Оскалившись в страшной улыбке, Модрей занес свой нож над головой старого ирокеза.
Глава 10
Далеко за полночь, но рассвет еще и не близился, вдруг заржали кони. За окном кто-то крикнул:
— Медведи!
Жоффрей де Пейрак вскочил и бросился к двери. Хотя обычно он пил, не пьянея, на этот раз, пробираясь меж тел своих сотрапезников, он чувствовал себя не слишком уверенно…
Каким бы выносливым ни был гостеприимный хозяин, не так-то просто выдержать пир с индейцами, да еще по такому случаю, как заключение с ними союза. Уже все потеряли надежду, что когда-нибудь кончатся их речи и они насытят свои желудки… К счастью, терпение де Пейрака было соткано из крепкой нити. К тому же за эту ночь он сильно преуспел в языке ирокезов.
Когда он бежал через двор к воротам, ему показалось странным, что он не слышит звука своих шагов. Вдруг раздался неестественно глухой крик, но он все же узнал голос одного из часовых, испанца Педро Махорке. Почти в тот же миг де Пейрака с такой силой ударили в плечо, что он едва устоял на ногах. Удар был явно направлен в голову, и спас его только защитный рефлекс: почувствовав, что на него замахнулись, он отпрянул в сторону. Вслед за первым посыпались другие удары; в густом тумане, не разбирая, били куда попало.
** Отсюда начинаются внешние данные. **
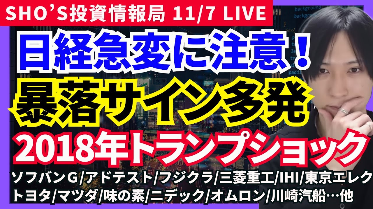 今日のタイトルボラグて書いてますけど、 気足が25日戦割ってるから直近の チャートパターンと壊れてるんですよ。 あとはもう決算したいなんだけどさ、決算 も後がってんだもんね。やめてくれよ。 あのなんか2018年みたいな下げ方瞬間 上がってからどんどんどんどん下がって そこは天井であのマーケット崩せるとか こんな気もいらないっすよ。本当にやばい ね。ストップ中ストップやが大型に バンバンバンバン出てきてる。の分からん 相場ですわ。今味のことがストップス 3623ですわ。10時30分ですね。 ライブ配信やってきましょう。で、日本株 1の銘柄が急楽してきてるという流れの中 でソフトバンクグループとか アドバンテストであったり、藤倉であっ たりとかね、ちょっとその大きく下がっ てるような形じゃないですか。ただ他の 銘柄そこまで悪くなかったし、俺もそう 今日は資産減ったけどもうかすり傷程度 あったので実際そこまで下げてるかって いう状況ではあったんだよね。ま、 とりあえずあの週末なしだし雑談交え ながらあと俺ちょっと風気味なんで しんどいんですけどあのライブ配信やって いきたいと思います。皆さんよろしくお 願い。お疲れさんです。下がったね。え、 日経までの築地でしょ?あのデータでしょ ?てるけどどうなるかではね、受給 ボーナスが終了してくるかどうかでえっと ねボリバンの中央戦25日ラインで今下 先止まってるような形じゃないですか平均 が。ま、ちなみに明日12時に動画を公開 するので皆さんそのつもりでおって くださいね。これ止まるかどうかだよね。 ま、でもね、そこまでね、今日悪くなかっ たよね。2下げたところから下引け伸ばし て戻してきたんで。で、俺もあの下がって るって言っても、あの、実際あの50万 ぐらいしかマイナスじゃないです。減て ない。たったした金額じゃない。ええやと 思ってから放置してますけど、本当にね、 あの、どうなんだろうね。今からね、NS 倍率はね、こんな感じなんで、まだ下がっ てる感じじゃないんだ。へえ。で、ドル 建ての日経平均はこんな感じでしょ。RI の下ラインは買ってきててありがとう ございます。お任します。ありがとう ございます。皆さん今日はそういった感じ しときあの海外勢ね売ってくるかどうかだ よね。来週出てくるデータでこのライン 割ってるからさ、急にこう一致してるじゃ ないですか。ボトムの場所を一旦割って から反転下げたポイント。あ、ドル円 153円台ね。ちなみにまだ下がってくる ような動き方してないよな。ま、円安に なるのはもう目に見えてたんで分かり やすかったすけど。断的なゴールデン クロス形成後パンパンパンって上がってで ソフトバンク9984ソフトバンク グループここあたりが暴落してんだよね。 今あれ今日のタイトル暴落って書いてます けどあここあたりであの皆さんの暴落って ところのあの伏線回収しときましょう。 会長ねソフトグループとかねあの高値から 暴落してる暴落急楽してるからねそうだ からソフトグループとか下がってね火曜日 でしょ足が25日戦割ってるから直近の チャートパターンぶっ壊れてるんですよ。 あとはもう決算したいなんだけどさ、 チャートパターン崩れてるよね。赤と黄色 のラインをボトムラインとして上げたり 下げたりしてたんだけども、ここ割って から下がっちゃってるんでごですね。で、 反動体ね、昨晩ね、アメリカの反動体 突っ込んでんだもんね、下にね。で、決算 後アームも、ま、激しく動いてて、え、 最終パイアスNVIAが3.65%下がっ てから時間外も下がってんだもんね。ね。 で、AMDがね、あの7%以上こうバーン 下がって煽り受けて全体的にNVDの煽り 下落の煽り受けてアドバンテストも下がっ てるわけでしょ。今日5.54あの反動 体株の中でもハイテクの中でもやっぱその さっきのソフトグループであったり アドバンテストとかはま、あのかなり行き すぎて上がってるんでね。他の反動体株と ハイテック株と比べて明らかにだって PBRベースで見ても倍ぐらい違うじゃ ないですか。他の反動体とアドバンテスト のバリエーション見るとまあね、あの違う ような変な違う動きに入りやすいよねって 感じよね。で、リスコもね、今日結構下げ てたような気するけど、今日4%ぐらいか 。ま、でもあれだよね。下落方向に万読だ よね。トネクスは強かったんな、こいつな 。でも下落方向に万読やね。だから別に その感じな気兆しが出てるわけでももう ゲーム性を目からしか持ってないもんて。 あ、俺も今日実理取ったよ。そしてから また次に備えてます。キャッシュ比率はね 、前と変わらへんからね。で、今持ってる ポションとかは、あの、余裕なるポション なので、え、でも俺そんなに今日、あの、 損出てないっすよ。皆さん、どうでした? そんなさ、いや、ソフトバンクとか アドバンテストとか、ま、あそこあたり 高いとこで掴んだ、捕まっちゃった 藤く倉く、藤倉も下がってたな、今日な。 え、決

Он хватал чьи-то липкие руки, выкручивал, ломал и стискивал их, так что только кости трещали; он кое-чему научился в восточных портах… Но противник, как стоглавая гидра, был наделен способностью возрождаться до бесконечности. Вот снова удар — теперь уже топором, — который глубоко рассек ему кожу на виске. Все могло бы кончиться хуже, если б ему снова не удалось ловко увернуться от удара. На губах он чувствовал солоноватый вкус крови.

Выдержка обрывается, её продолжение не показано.